At equilibrium in a simple economy, what is the relationship between planned savings and planned​ investment? A. It depends on the​ economy; there is no specific relationship between these variables. B. They are equal. C. Planned savings is greater than planned investment. D. Planned savings is less than planned investment.

B

When the budget deficit​ increases, A. saving decreases while investment increases. B. both saving and investment decrease. C. both saving and investment increase. D. saving increases and investment decreases.

B

Households supply loanable funds because of the A. rent income they receive as resource owner. B. profit income earned from running a​ money-lending business. C. interest income received from the borrowers. D. wage income earned from working in the financial markets.

C

The financial system-either financial markets or financial intermediaries—provides savers and borrowers with all of the following​ except: A. The financial system provides savers with facts and information about borrowers and about expected returns on their financial investments. B. The financial system provides risk-sharing to savers by giving them the opportunity to diversify their funds among different investment choices. C. The financial system provides security to savers by warranting that their funds are fully insured against loss.
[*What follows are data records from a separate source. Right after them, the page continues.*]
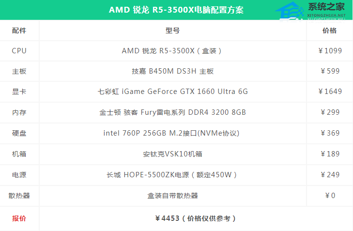 这套R5-3500X配GTX1660主流电脑配置推荐方案预算达到了4500元不到,爽玩1080P各类游戏大作。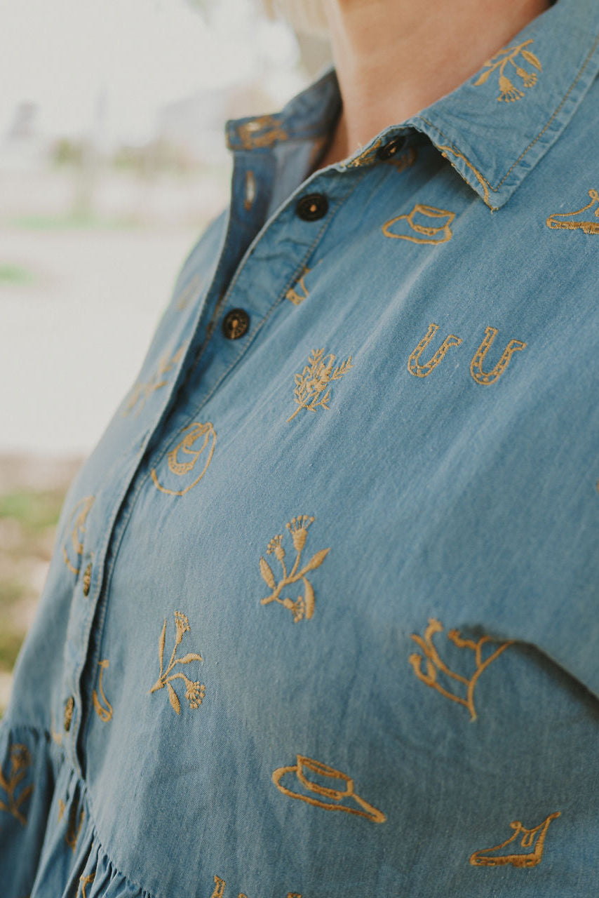 The Lady Jane Embroidered Denim Dress was made for the woman who lives with heart from dusty mornings to long lunches and late-night country tunes.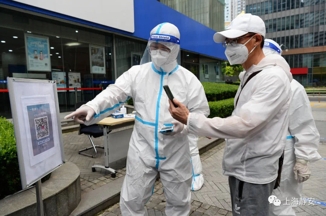作为首家在静安区恢复营业的网点,上海银行闸北支行恢复营业的第一天,记者在现场看到,入口处布设了健康核验一体机“数字哨兵”和“场所码”,市民有序扫码核验入场。门口张贴两米等候线标识,设置了客户网点外遮阳通道、排队等候线路,网点内也安排好了客户座椅等候排列,避免人员聚集。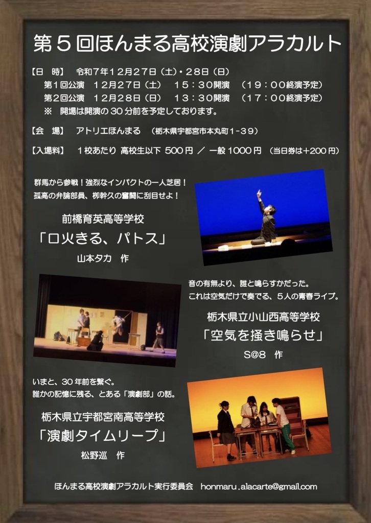 【入場料】 1校あたり 高校生以下 500円 / 一般1000円 (当日券は+200円)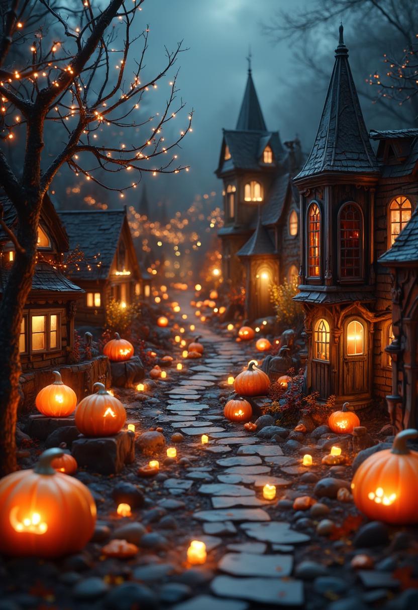 a miniature halloween village made of glossy and shiny and transparent candies, best quality, masterpiece, high quality, hyper detailed, <lora:flux_realism_lora:0.7> <lora:fluxenhancer:0.2> <lora:Aura_Flux:0.2> <lora:Dever_Flux_Enhancer:0.3>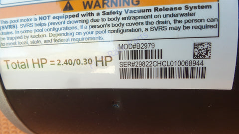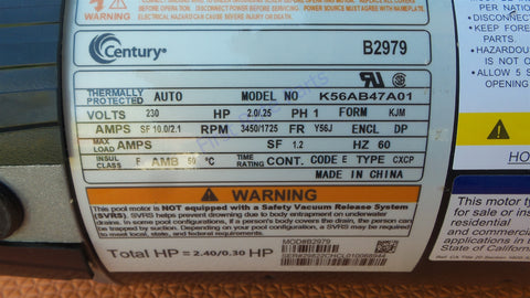 Century Pool Pump Motor, 2.0/.25 HP, 1 Ph, 60 Hz, 230 V, 3600 RPM, Y56J Frame, DP - B2979

D. The financial system provides liquidity to savers by giving them the opportunity to buy and sell their financial securities.

C

Businesses demand loanable funds because A. households charge a much higher rate of interest than the going rate of interest in the loanable funds market. B. loanable fund interest rates are always lower than the rate of return on their new investments. C. firms need to borrow funds so that they can pay the wage costs and other recurring expenses of the business. D. firms need to borrow funds for new​ projects, such as building new factories or carrying out new research projects.

D

The financial system of a country is important for​ long-run economic growth because A. people can increase their wealth very quickly under a healthy financial system. B. most firms rely on their own retained earnings and do not use the financial system. C. firms that use the financial system predominantly are being reckless. D. firms need the financial system to acquire funds from households.

D

With the decrease in the equilibrium quantity of loanable​ funds due to a decrease in supply, the quantity of saving _________ and the quantity of investment ______ .

decreases, decreases

When business taxes​ increase, the equilibrium interest rate _______ and the equilibrium quantity of loanable funds ________. What will be the effect of an increase in business taxes on the quantity of investment by firms and the​ economy's capital stock in the​ future? A. The quantity of investment will decrease and the​ economy's future capital stock will decrease. B. The quantity of investment will increase and the​ economy's future capital stock will increase. C. The quantity of investment will decrease and the​ economy's future capital stock will increase. D. The quantity of investment will increase and the​ economy's future capital stock will decrease.

decreases, decreases, A

A federal budget surplus ________ the equilibrium interest rate and _________ the quantity of loanable funds. If the federal government runs a budget​ surplus, A. saving will decrease but investment will increase. B. both saving and investment will decrease. C. saving will increase but investment will decrease. D. both saving and investment will increase.

decreases, increases, D

It is essential for economic growth that _____ have access to adequate sources of​ funds, because otherwise _____ will not be able to invest in capital, adopt new technologies, and expand. (one answer)

firms

Assuming that other factors that affect the demand and supply of loanable funds remain the​ same, as a result of the larger budget​ deficit, the equilibrium real interest rate _________ and the equilibrium quantity of loanable funds ______. .

increases, decreases

A flow of funds from savers to borrowers through financial intermediaries such as banks is ________ finance, while a flow of funds from savers to firms through financial​ markets, such as the New York Stock Exchange is ______ finance.